Read to Your Children

I am so excited to feature Carol Zook as my guest blogger today. Carol is a personal friend of mine with a love for reading, love for kids, and limitless creativity. She was inspired to write the following piece saying, “I’ve often heard, “My baby is too young to be read to. He just won’t pay attention.” However, she believes that any child will respond if given the right atmosphere, the right book and the right reader.”  Thank you, Carol, for sharing with us how important it is to read to our children and the benefits they receive from it (besides all that wonderful one-on-one time)!


Read, Read, Read to Your…


  • Babies begin to understand that pictures represent real objects.
  • They enjoy playing “There is the …?” as you point to the pictures.
  • Don’t need to have the script read word for word.
  • They will associate cuddle/reading time with warm feelings. (And you will, too!)
  • They will experiment with making sounds. This encourages talking.
  • They will begin to hear rhythms, repetitions and rhymes. Nursery rhymes are a favorite.
  • Grasping board books and cloth/vinyl books is a great small motor task.
  • They enjoy bright simple pictures on solid backgrounds. This is wonderful visual stimulation.
  • Reading can be done anytime and anywhere. It’s easy to change the activity when the child’s interest shifts.



  • Toddlers like to repeat words, phrases and rhymes.
  • They enjoy playing “Where Is…?” as they point to the pictures.
  • They love to feel textures, lift flaps, place fingers through holes and push buttons to hear sounds.
  • They love homemade books and family albums. Inexpensive 4” X 6” photo albums are great for making these.
  • They love simple stories about real life experiences. (Going to Grandma’s, going grocery shopping, playing with a pet etc.)

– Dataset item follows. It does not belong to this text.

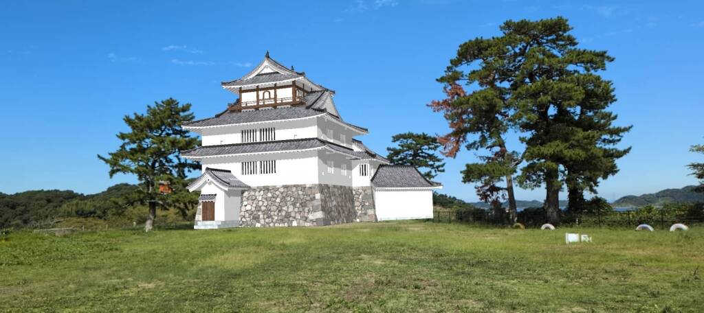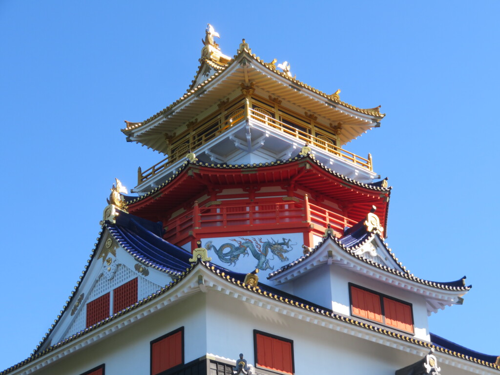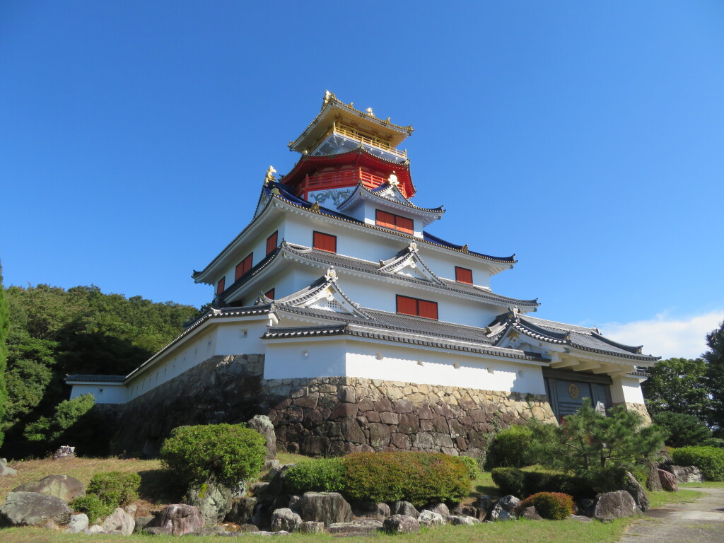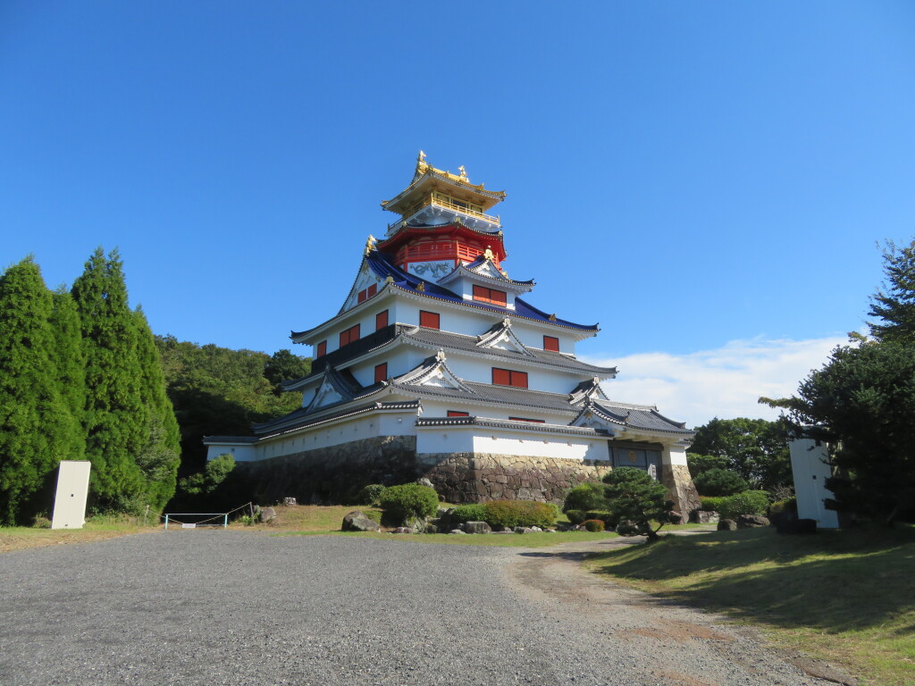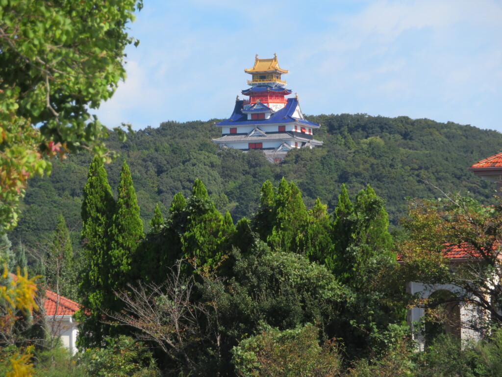 今回、鳥羽城へは「伊勢二見鳥羽ライン」という道路を使ったのですが、途中「朝熊東IC」付近で山上に見覚えのある巨大な天守があるのが目に入ってきました。そうあの信長の幻の城「安土城」です。

  • Preschoolers learn about print. (Print is words written down. English goes left to right and top to bottom. Words are separated by a space.)
  • They benefit by having you run your finger under the word as you are reading.
  • They can listen to the sound of words and notice parts that are the same or different.
  • They can learn about language.
  • They enjoy providing an action with a word. (Growling when they hear the word lion.) This expands their listening skills.
  • They can find patterns and/or repetitive phrases
  • They can learn to retell the story.
  • They can put parts of the story in the proper sequence.
  • They enjoy longer picture books and early chapter books.


School Aged Children:

  • School agers can take responsibility for picking a book.
  • They might like sharing reading time with you by reading every other page.
  • They can use the “rule of 5” to choose a book.  Have them read the first couple of pages of a new book. If they make 5 or more mistakes a page, suggest that you read that book to them. (Or pick another book.  2 or 3 mistakes a page is a comfortable reading level.)
  • They enjoy discussing the characters or the plot and coming up with different endings.
  • They enjoy knowing who the author and illustrator are and when the book was published.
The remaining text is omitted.